Tampoco parece que haya un excesivo consenso en la sociedad catalana con respecto a la inmersión. Del mismo modo que el CIS se niega a plantear preguntas incómodas –como la cuestión de la dicotomía entre república y monarquía-, el CEO (el Centre d’Estudis d’Opinió –para entendernos, el CIS catalán-) no investiga sobre la inmersión. Es por ello que me remito a una encuesta del instituto de investigación GESOP (con 1.600 entrevistas) encargada por Societat Civil Catalana, la cual muestra que el 75,6% prefiere un régimen trilingüe (catalán, castellano e inglés), un 14% es partidario de una enseñanza bilingüe en catalán y en castellano, el 8,8% opta por el actual modelo en catalán y un reducidísimo 0,5% querría que todo fuera en castellano (el restante 1,2% no sabe o no contesta). En el blog de Politikon, Garvia y Santana citan una encuesta (con 2200 entrevistados) en la que se observa la sangrante división de la sociedad catalana: la mitad está a favor del actual modelo, mientras que la otra mitad lo rechaza. No es de recibo dar la razón a la mitad de la población a costa de la otra mitad, pese a que sería factible llegar a algún consenso.

El historiador Joaquim Coll explicaba que el actual modelo de inmersión está muy lejos del que se aprobó en 1983 gracias a la iniciativa del PSC y del PSUC (El tabú de la inmersión). Entonces se evitó crear una doble red escolar en función de la lengua -que era la propuesta inicial de CiU- y se optó por un modelo bilingüe en el que se respetaba el derecho a la enseñanza en la lengua materna y se alentaba el uso del catalán para compensar su arrinconamiento durante la dictadura. Y concluye que se ha pasado a un modelo que “excluye dogmáticamente al castellano como lengua vehicular”. Es decir, el consenso alcanzado en 1983 en torno a la Ley de Normalización Lingüística (aprobada en el Parlament en 1983 con tan solo una abstención) se fue quebrando paulatinamente.

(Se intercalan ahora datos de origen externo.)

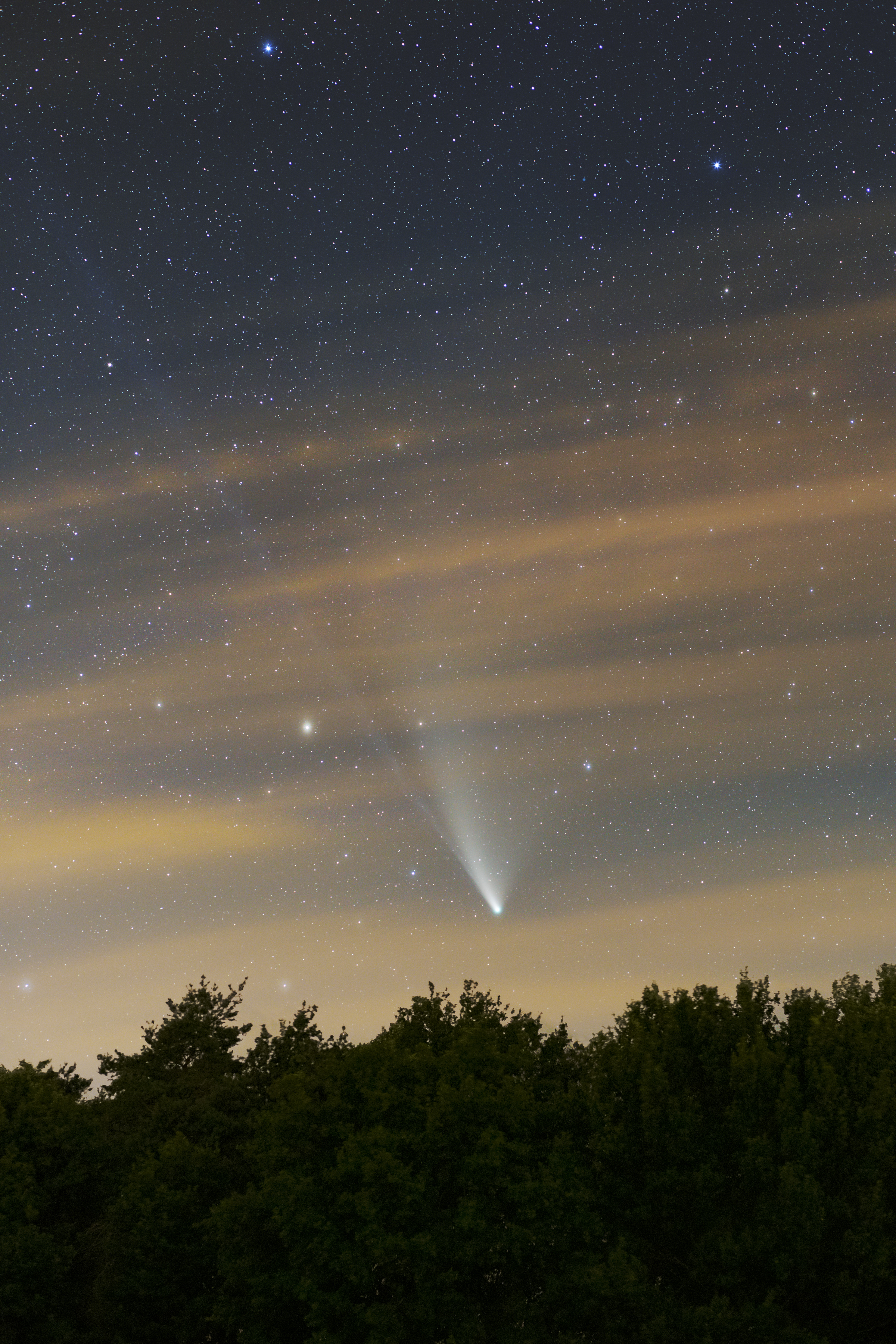 In der Nacht seiner größten Erdannäherung war der Komet kurz vor Mitternacht, dicht am Waldrand, ein leichtes Objekt für das freie Auge. F3 (NEOWISE) stand gut auffindbar unter dem Großen Wagen dessen Sterne Beta und Gamma UMa noch ins (obere) Bildfeld passten. Leider zogen am Nordhorizont beständig Cirruswolken durch, so dass der breit gefächerte, weiß wirkende Staubschweif und der schmale, bläuliche Ionenschweif nicht in voller Pracht abzubilden waren. Dennoch ein grandioses Naturschauspiel.

Ni siquiera en el supuesto de que Cataluña llegara a ser una nación independiente (posibilidad que las fuerzas políticas unionistas consideran irrealizable, al margen de la voluntad que pudiera expresar una mayoría cualificada de catalanes) se podría admitir el actual arrinconamiento del castellano. ¿Convertiría la hipotética República de Catalunya en ciudadanos de segunda categoría a los castellanohablantes? ¿O les invitaría amablemente a irse? La resolución del Tribunal Constitucional en la que se indica que se debería enseñar en castellano al menos un 25% del tiempo escolar es de lo más razonable. Y no solo eso, es una resolución que hay que cumplir.

En todo caso, no estaría mal promover algo de inmersión lingüística en todas las lenguas de España en la escuela. ¿No contribuiría a consolidar la idea de España que todos los escolares –y, claro está, todos los españoles- fueran capaces de decir y entender algunas frases en tales idiomas? Que no pase lo que me sucedió en cierta ocasión al ir a pagar en una gasolinera de Madrid. El joven que me atendió me preguntó en qué idioma cantaba el grupo –creo que era Kortatu- que con tanto entusiasmo estaba escuchando. En Finlandia, el hecho de contar con una minoría de habla sueca fuerza a todos los escolares a aprender algo de sueco.

De todos los inmensos problemas que tiene nuestro sistema educativo (un currículo anticuado y sobrecargado, la mejorable formación del profesorado, el clasista fracaso escolar, el aprendizaje del inglés y de las Matemáticas, el fomento de la educación física, etc.), la cesión en la cuestión del castellano ha puesto en bandeja al grueso de las fuerzas políticas unionistas (todas las derechas a las que se suman ciertos sectores del PSOE) la derogación de la nueva ley educativa en cuanto la izquierda pierda su actual frágil mayoría.

Rafael Feito es catedrático de Sociología en la Universidad Complutense de Madrid.